Ms. Verdrager is tasked at this stage with establishing that the reason presented by Mintz Levin for her termination is pretextual, and that the actual motivation was a discriminatory intent. Ms. Verdrager can establish that members in the ELB section exhibited dissatisfaction with her availability and performance leading up to her first maternity leave. However, Mintz Levin’s reason for offering Ms. Verdrager a step-back rather than membership consideration cannot be considered pretextual; there is no evidence that it was designed to hide a discriminatory motive. Ms. Verdrager has failed to meet her burden under the third stage of this analysis. She cannot establish that her step-back was the product of gender discrimination.

With respect to her termination, Ms. Verdrager recites specific instances where members of the ELB section were unsupportive and critical of her throughout her employment, and particularly during the time when she experienced pregnancy-related medical issues. However, there is no evidence that Mr. Popeo’s decision to terminate Ms. Verdrager’s employment upon learning of her unauthorized computer use was truly motivated by a desire to terminate her due to her gender or her pregnancies. Mr. Popeo supported Ms. Verdrager’s continued employment when he encouraged the step-back as an alternative to termination. His decision to terminate Ms. Verdrager came immediately after learning of her computer misuse, which, as the record shows, he genuinely believed violated Mintz Levin’s confidentiality and computer use policies, as well as the Massachusetts Rules of Professional Conduct. Accordingly, Ms. Verdrager cannot establish that the adverse employment actions initiated against her were the result of gender or pregnancy discrimination under the McDonnell Douglas framework and G.L.c. 151B. Summary judgment in favor of the defendants must be entered as to Counts One and Two of the Amended Complaint.

III. Retaliation

Defendants Mintz Levin, Mr. Popeo and Mr. Barmak contend that Ms. Verdrager cannot establish material facts to support her claim of retaliation. Ms. Verdrager argues that the conduct of each of the defendants support her claim, and that her step-back and her termination were the result of a discriminatory animus against her as a female and due to her pregnancy. Despite having a similar analytical framework, claims of employment discrimination and retaliation must be reviewed separately.

To establish a claim for retaliation under G.L.c. 15IB, a plaintiff must show that (1) she engaged in a protected activity; (2) she was subjected to an adverse employment action at the time or after the protected activity took place; and (3) a causal connection exists between the adverse action and the protected conduct. Mole v. University of Mass., 442 Mass. 582, 591-92 (2004). The plaintiff is not required to prove that discrimination actually occurred, but must show that she “reasonably and in good faith believed that the [employer] was engaged *38in wrongful discrimination, that she acted reasonably in response to her belief, and that the [employer’s] desire to retaliate against her was a determinative factor in its decision to terminate her employment.” Tate v.
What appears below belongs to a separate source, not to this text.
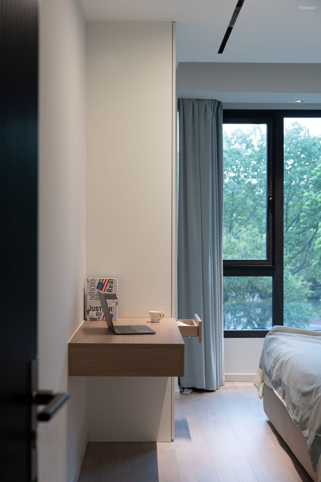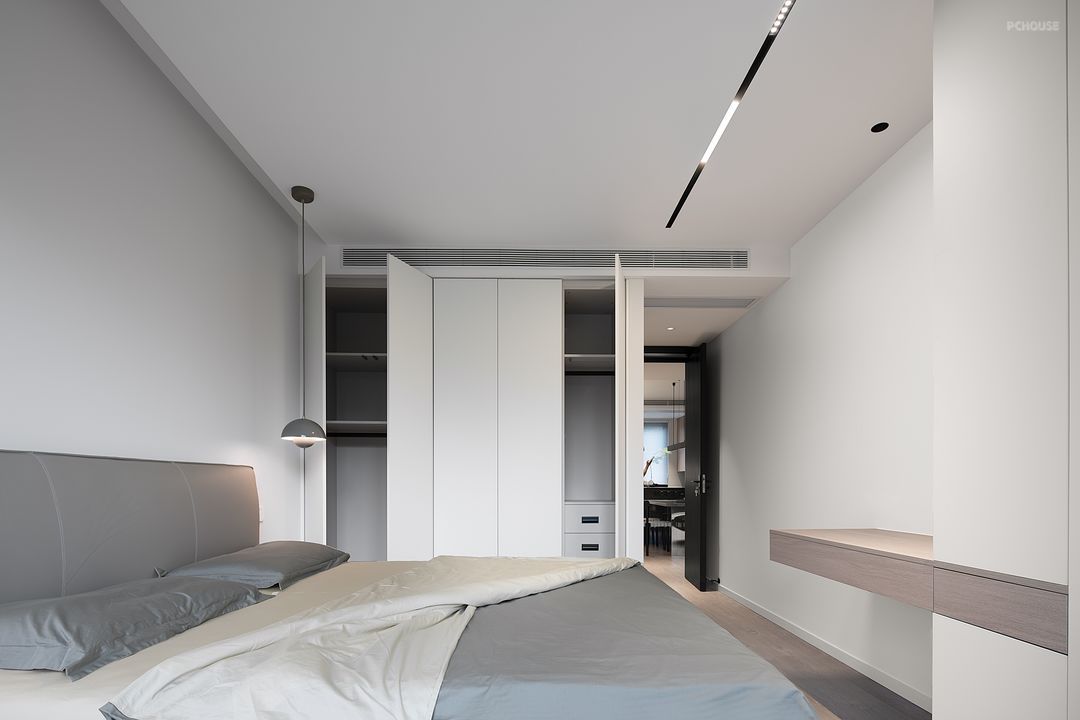 为了保证空间有足够的收纳,在床侧和床尾分别设计了通顶的衣柜, 考虑到梳妆台的需求,床尾的采用了衣柜+悬空梳妆台的组合,这样的形式,即解决必需的使用功能而不影响过道的闭塞感。

Department of Mental Health, 419 Mass. 356, 364 (1995). The mere fact that an adverse employment action took place following an employee’s protected conduct does not establish a prima facie case for retaliation, however, the proximity in time between the employee’s conduct and the adverse action is considered a significant factor. MacCormack v. Boston Edison Co., 423 Mass. 652, 662 n. 11 (1996). “If adverse action is taken against a satisfactorily performing employee in the immediate aftermath of the employer’s becoming aware of the employee’s protected activity, an inference of causation is permissible.” Mole, 442 Mass. at 592.

Here, the plaintiff can establish the first three elements. Ms. Verdrager is and was a member of a protected class who made discrimination claims internally and later formally through the MCAD process. The record before the court presents the same two identifiable “adverse employment actions” as those in Verdrager’s discrimination claims: her step-back and her termination. The step-back followed Ms. Verdrager’s internal complaints of discrimination, and the termination took place after her formal complaint to the MCAD was filed.
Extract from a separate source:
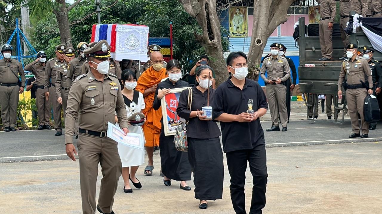 ยังล่าตัวไม่ได้ คนร้ายยิงตำรวจสายตรวจปากช่องเสียชีวิต ขณะออกตรวจกลางคืนคนเดียว รองต่อเป็นประธานรดน้ำศพ มอบเงินช่วยของ ตร. 3 แสน ผบช.ภ.3 มอบอีก 1 แสน ก่อนร่วมแบกโลงศพ ชื่นชม "ใจน้องมันได้"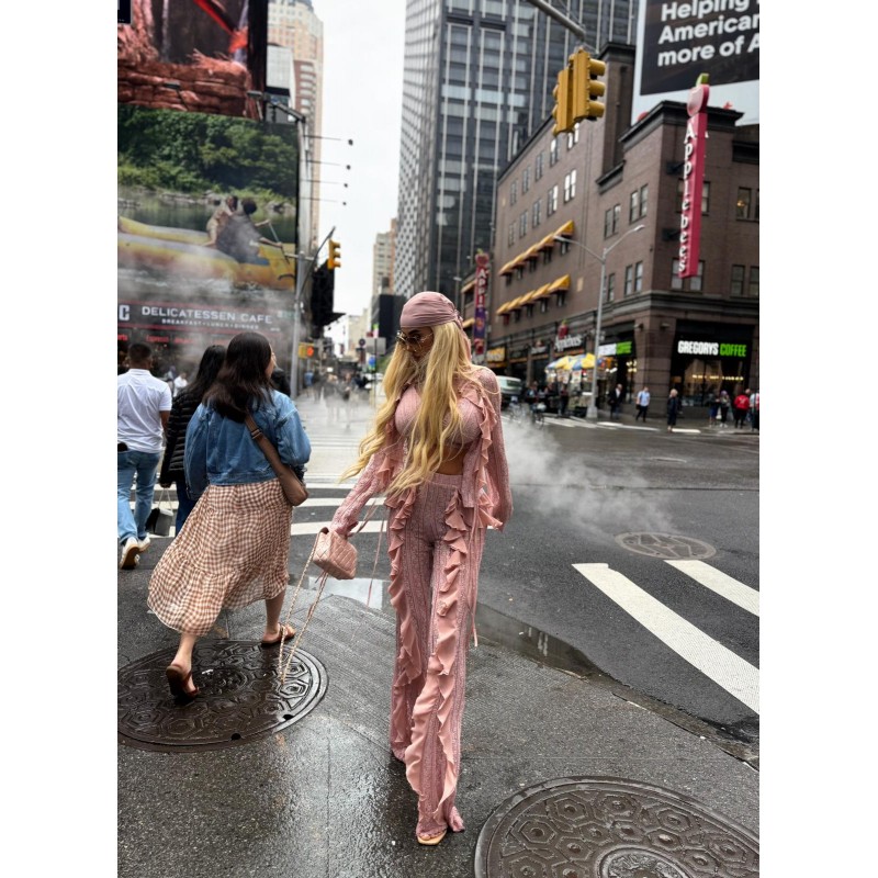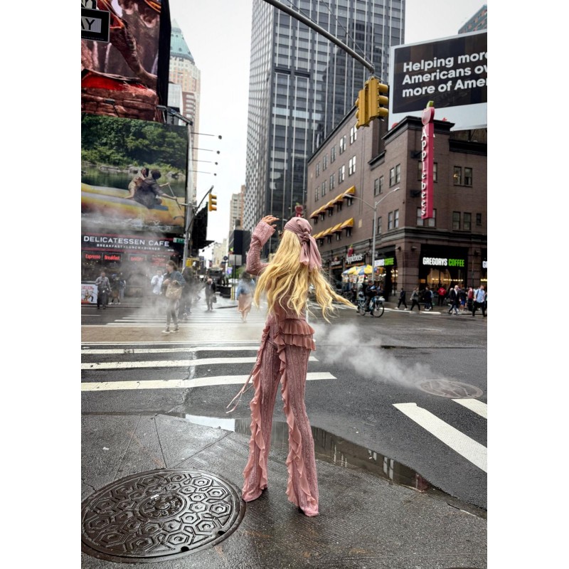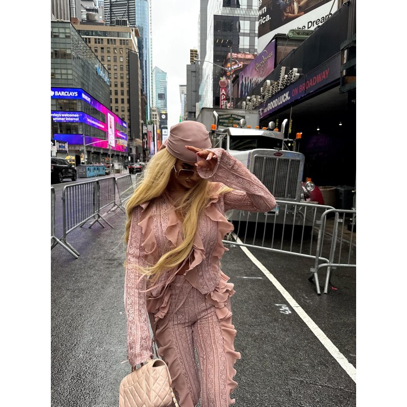 Stretch lace pants in soft heather with chiffon ruffle details. High elastic waist and slightly flared legs.

Looking first at the step-back action, Ms. Verdrager complained internally of discrimination stemming from her interactions with Mr. Cohen in 2004 and 2005. Although she cites to multiple instances where members of the ELB section complained about her work performance and attitude, she does not provide any evidence that she continued to complain internally about gender or pregnancy discrimination. Ms. Verdrager may be able to establish a causal connection between her protected conduct in complaining internally of discrimination and her step-back in January of 2007, even though the temporal proximity that would ordinarily suggest retaliation is not especially strong in this case.
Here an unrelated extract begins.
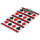 Set of card suit icons isolated on black, red and white striped background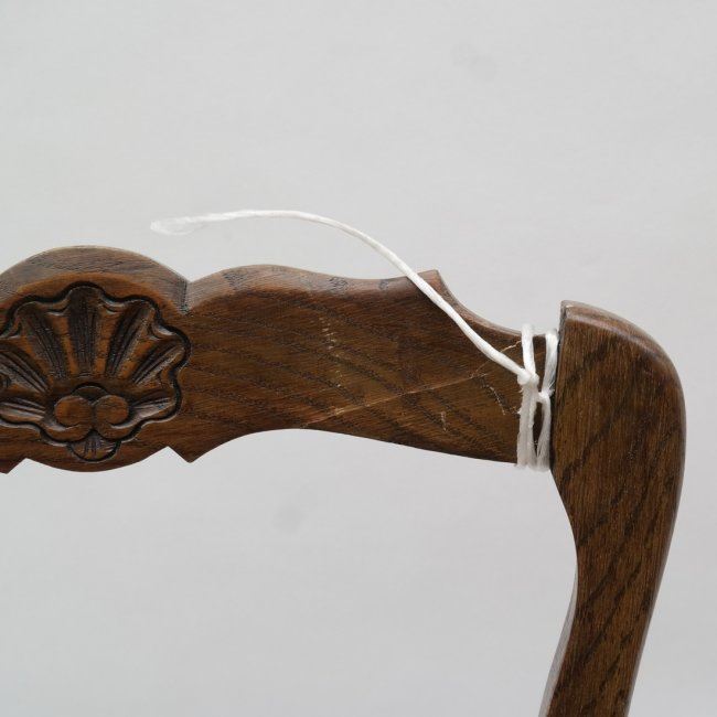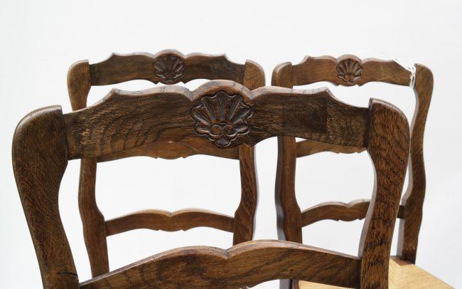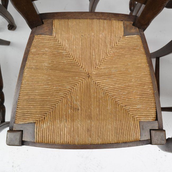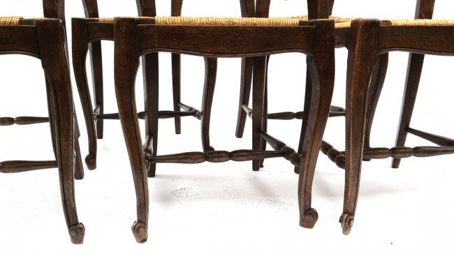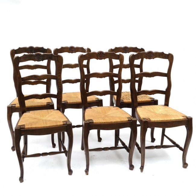 Six country side chairs, all with slip, rush seats. Overall good condition, one with a broken crest. [Back: 16" L x 15" W x 37" H; 18" to seat].

Turning to Ms. Verdrager’s termination, she is again able to establish her prima facie case. The causal connection element is met since her termination followed both her internal complaints and her MCAD complaint. The time frame relating to these events indicates that the MCAD complaint took place approximately a year before her termination. Even so, Ms. Verdrager took maternity leave in the interim, so the time period when she was working after her complaint with the MCAD may be considered more closely linked to her termination. However, even assuming that Ms. Verdrager’s temporal evidence as to her step-back and termination are sufficient to create an inference of causation, her claims fail upon further analysis.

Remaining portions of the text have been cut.